WORK TO COMPLETE: From the entries below, reproduce exactly the lines from the one with "Продается квартира общей" through the one with "Soy Kateryna Olek, diseñadora", both included, without images.
+++++
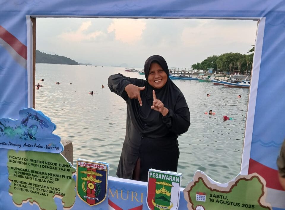 “Berenang Merdeka 2025”, yang digelar oleh Komunitas Perenang Antar Pulau Lampung (KPAPL) di perairan antara Pulau Tangkil.
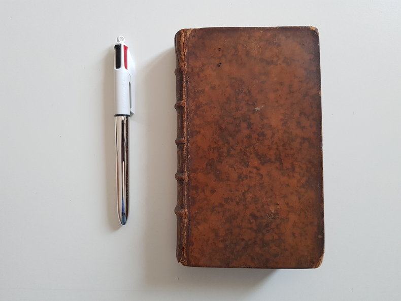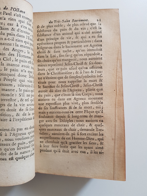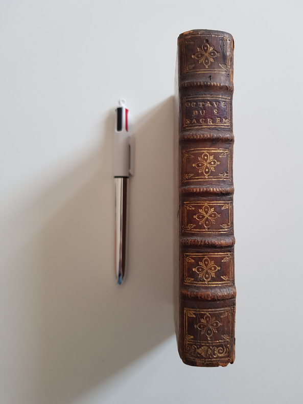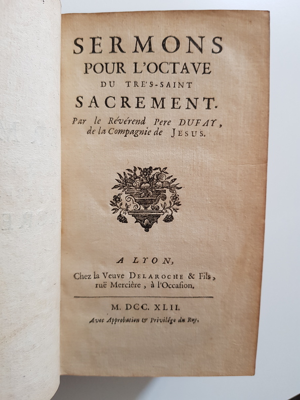 Titre : Sermons pour l'Octave du Très-Saint Sacrement Auteur : Dufat, Révérend Père Lieu d'édition : Lyon Éditeur : Veuve Delaroche & Fils, ruë Mercière, à l'Occasion Date : 1742 Format : in-12 Dimensions : env. 17 x 10 cm Langue : français Reliure : plein veau marbré d'époque, dos à 5 nerfs orné de fleurons et filets dorés, pièce de titre « Octave du S. Sacrem. », tranches anciennes État du livre : bon exemplaire d'époque, plats frottés, coins émoussés, coiffes usées avec petit manque en tête, débuts de fentes aux mors en tête, intérieur uniformément bruni avec quelques rousseurs et légères taches marginales, papier sain et texte bien lisible Particularités : page de titre ornée d'un fleuron typographique, mention « Avec Approbation & Privilège du Roy », impression lyonnaise de 1742 par la Veuve Delaroche & Fils Contenu : série de sermons jésuites dédiés à l'Octave du Très‑Saint Sacrement, prêches sur l'Eucharistie et la dévotion au Saint‑Sacrement
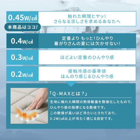 [Q-MAXとは:生地に触れた瞬間の熱移動量を数値化したもので、ひんやり感の指標となる数値。この数値が高いほど冷たいとされており、0.2W/cm2以上が冷たく感じる目安。]
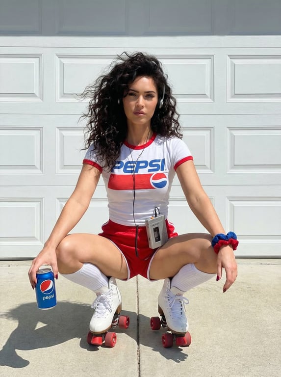 A highly detailed JSON prompt for generating an ultra-photorealistic image of a woman resembling Megan Fox in 80s retro athleisure wear (Pepsi t-shirt, red shorts, roller skates). The prompt specifies pose (squatting), accessories (Walkman, Pepsi can), lighting (midday sun), and technical camera details (50mm prime, f/4.0, 8k resolution).
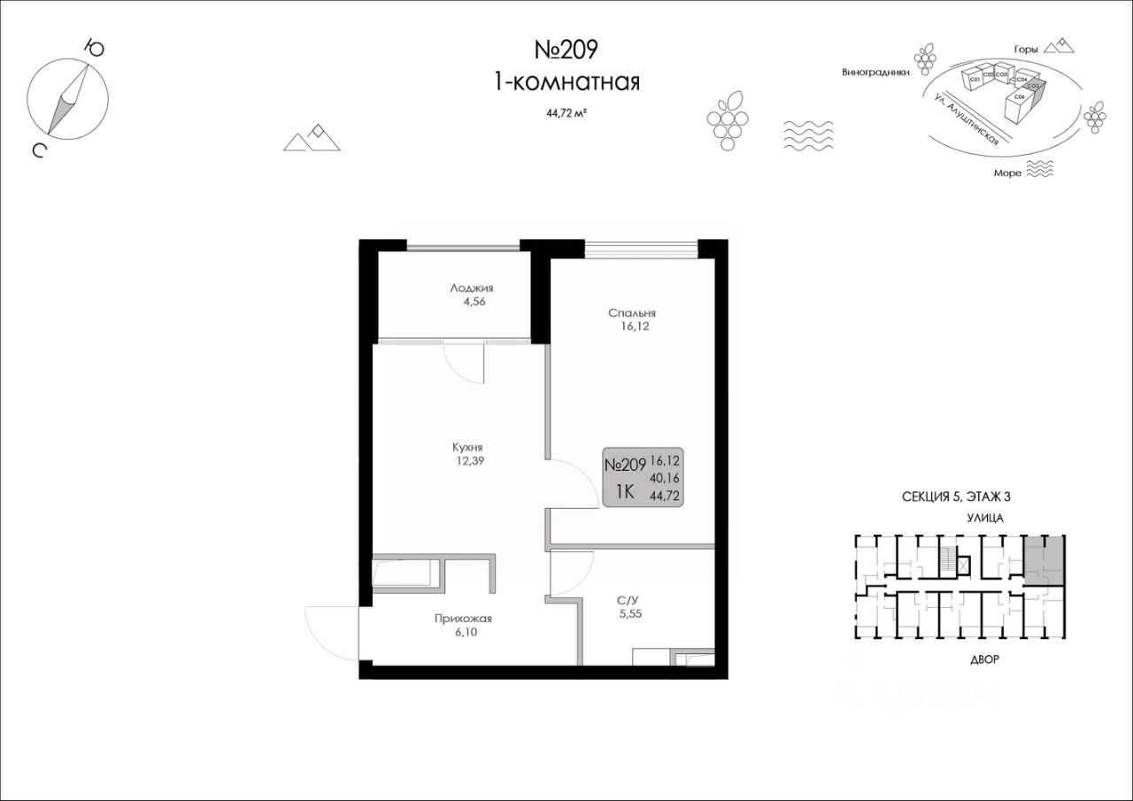 Продается квартира общей площадью 44,72 м2 в комплексе бизнес-класса "Долина Роз" в г. Судак.
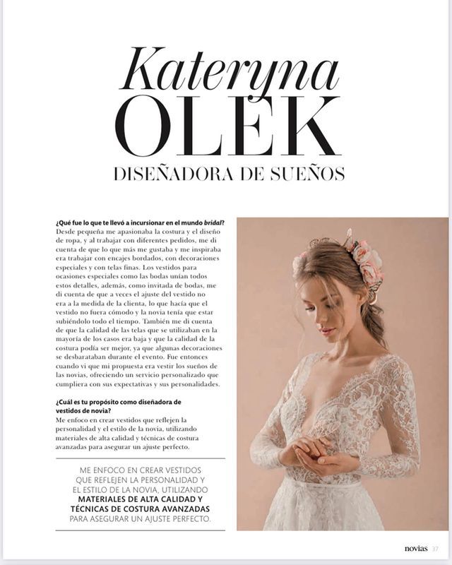 Soy Kateryna Olek, diseñadora de modas en los vestidos de novia y de alta costura.
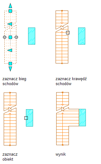 Długość schodów zostanie zwiększona przy zachowaniu pierwotnej szerokości, jeśli obiekt (lub polilinia) nie jest wydłużona na tyle, aby rzutowanie było kompletne.
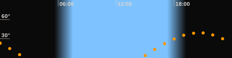 | Aufgang | 14:29 Uhr im Osten (αAz = 89,3°) |
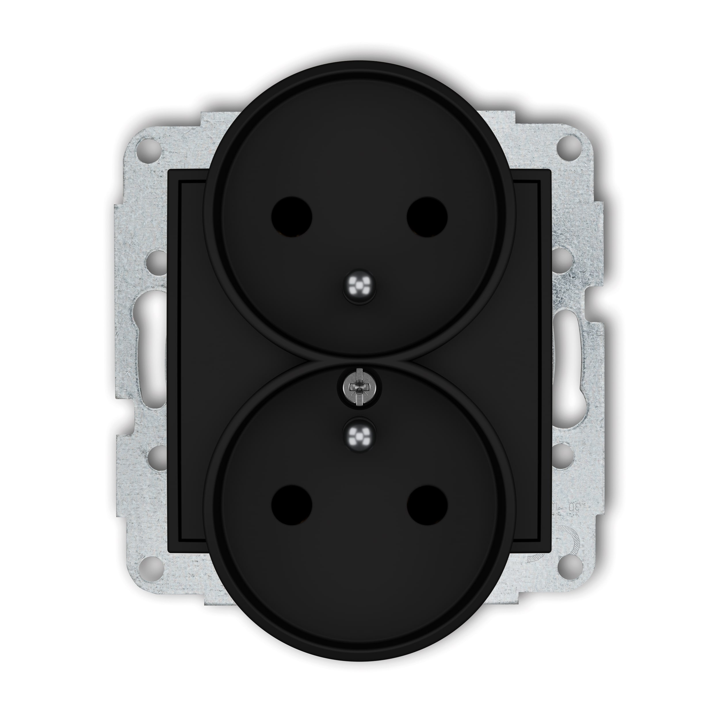 Double socket to a frame with the 2x(2P+Z) earth mechanism (with increased contact protection/shutter)
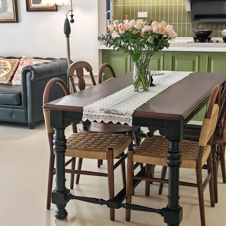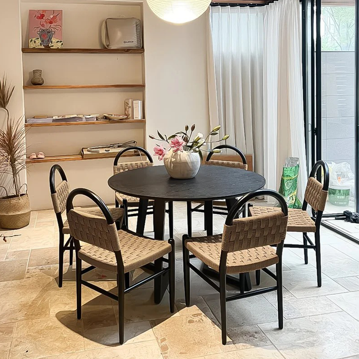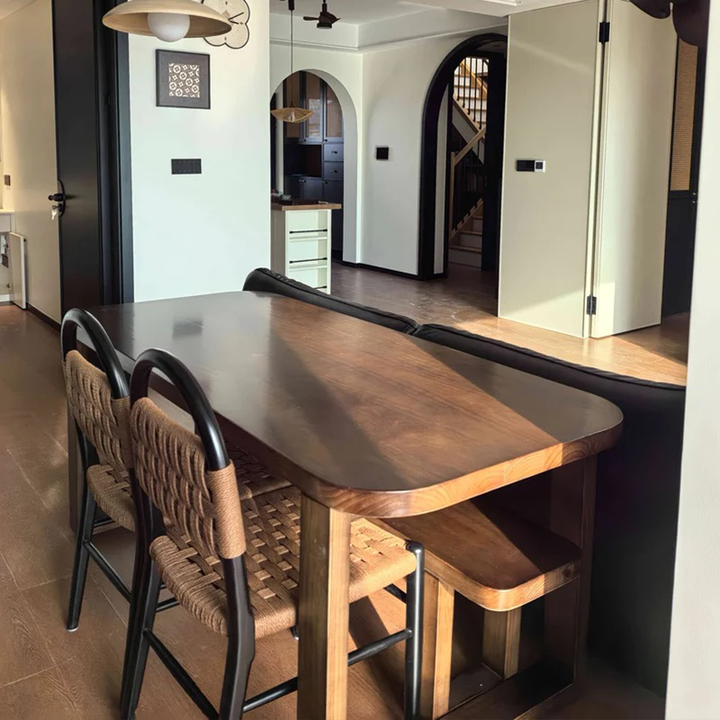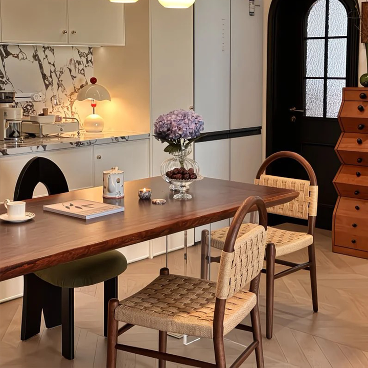 Crafted from solid rubberwood with a handwoven seat and back, this set of two dining chairs blends natural warmth with everyday durability. Mortise-and-tenon joinery provides lasting stability, while the fully assembled design makes them ready to enjoy right out of the box.
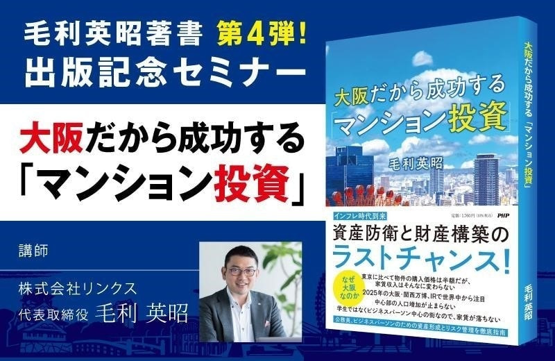 弊社代表著書『大阪だから成功する「マンション投資」』出版を記念して、下記日程で出版記念セミナーを開催いたします。
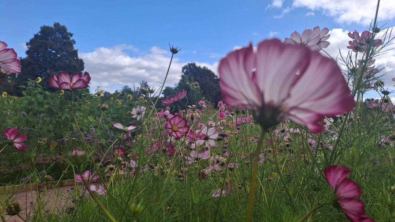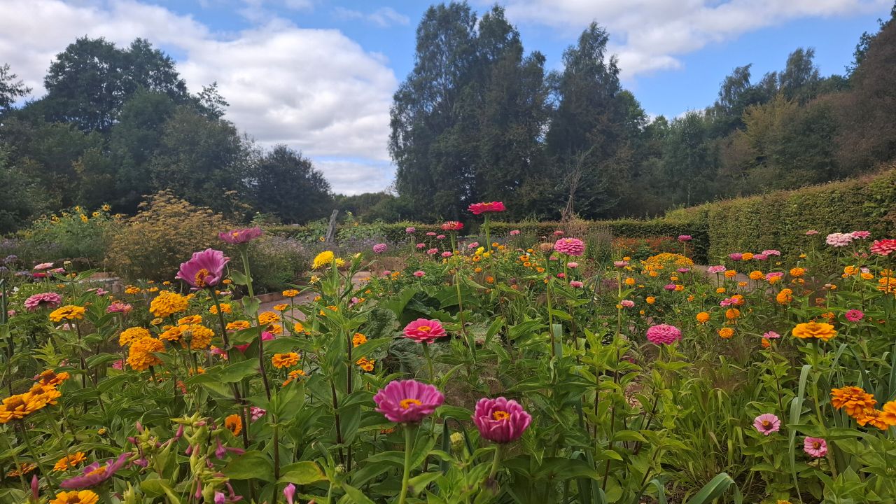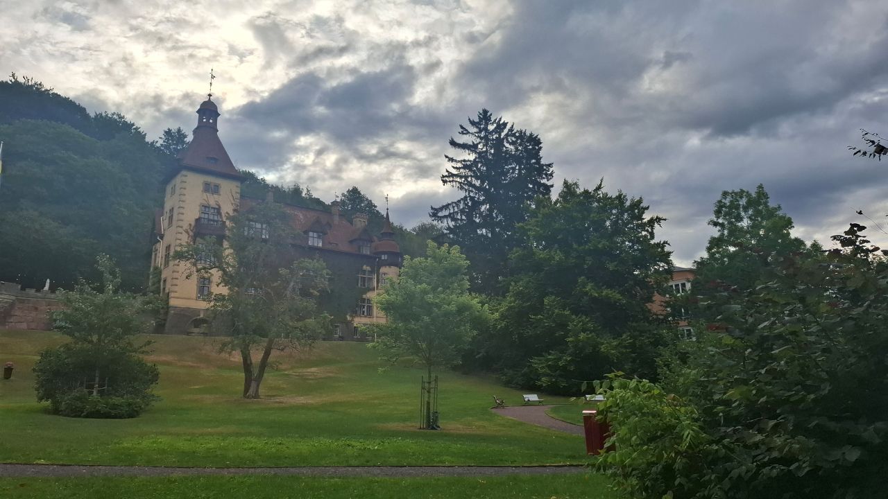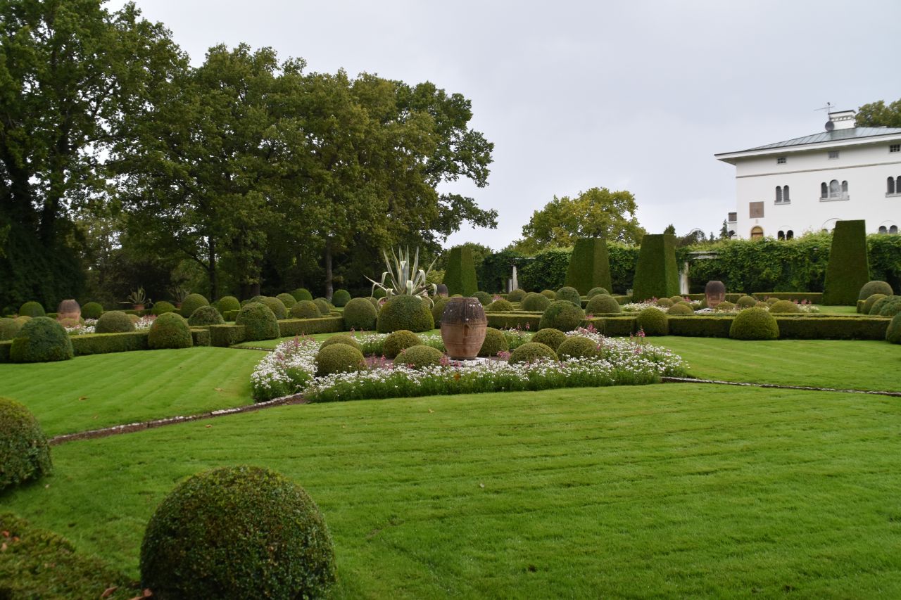 Dort angekommen geht es erst einmal ins Kaffee. Wir essen und trinken eine Kleinigkeit. Leider scheint es das Wetter nicht gut mit uns zu meinen. Es ist schon ziemlich dunkel am Himmel. Kurz nachdem wir den Schlossgarten betreten beginnt es auch zu regnen. Also stellen wir uns erst einmal unter. Eine feine kleine Gartenanlage will aber erkundet werden. Das Schloss kann man nicht besichtigen. Nachdem der Regen aufgehört hat schlendern wir durch die wirklich schön angelegten Gartenteile.
+++++
WORKED SOLUTION:
 Продается квартира общей площадью 44,72 м2 в комплексе бизнес-класса "Долина Роз" в г. Судак.
 Soy Kateryna Olek, diseñadora de modas en los vestidos de novia y de alta costura.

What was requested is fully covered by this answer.